- September 18, 2014
- Posted by:
- Category:BLOG, Events, Mumbai, Speaker Events
Contributed by: Chetan Shah, CFA
Price of the precious metals like Gold and Silver is the only factor common across countries adjusted for logistics and duties for a given purity. Otherwise consumption patterns and trends can differ widely in the Eastern and the Western hemispheres as well as across sub-categories of jewellery, physical investment, industrial consumption etc. The finer nuances about these markets was very well articulated by Philip Newman, Founding Partner, Metals Focus at IAIP’s speaker event in Mumbai. The key takeaways are reproduced below.
The total demand for Gold increased from 4,196 MT in 2012 to 5,072 MT in 2013 led by increase in demand in jewellery and physical investment as the prices fell during the period from $1,668/oz to $1,412/oz. However, the demand is expected to fall to 4,325MT in 2014. One of the primary reason being 80:20 import principle introduced by India in later half of 2013 which affected the official imports early in the year and lower imports from China since February 2014. Unofficial imports into India from Pakistan, Dubai, Sri Lanka, China and Thailand might have remained strong initially with premiums of around $150/oz in October 2013 (and roughly $10/oz currently).
Buyers may return back in China as 2014 is an auspicious year for wedding. Whereas in India this season there are fewer auspicious days. Nevertheless, the jewellery demand both in China and India will be lower at 800MT and 500MT in the current calendar compared to 1,000MT and 580MT respectively.
Vietnam is large bar market. Turkey is largest coins market.
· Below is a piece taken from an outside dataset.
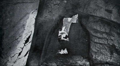 At high tide the cave floods and water is forced through the tunnel and out of the hole, creating a booming noise, which is a feature of many St Mary legends.

Silver consumption will be marginally lower at 33,918MT in 2014 compared to 34,319MT in 2013 mainly due to fall in demand from photography segment. Both industrial and jewellery demand otherwise is likely to remain healthy at 16,322MT and 7,528MT from 15,318MT and 7,290MT respectively. US is the bigger market for Silver jewellery as consumers moved away from gold due to higher prices over last few years. India is bigger market for investment demand. While coins are popular in the US, bars are popular in India.
Jewellery manufacturers are working to create brand royalty & franchise, moving away from per gram based pricing, shifting to lighter weight etc. For example 18-carat gold jewellery has been well marketed in China resulting into 15% share of overall pie. While France has seen introduction of 9-carat jewellery.
During 2013 ETFs and professional investors liquidated large quantity of gold resulting into sharp decline in price. From here on the prices, though weak, are likely to be less volatile as the current investors are stickier.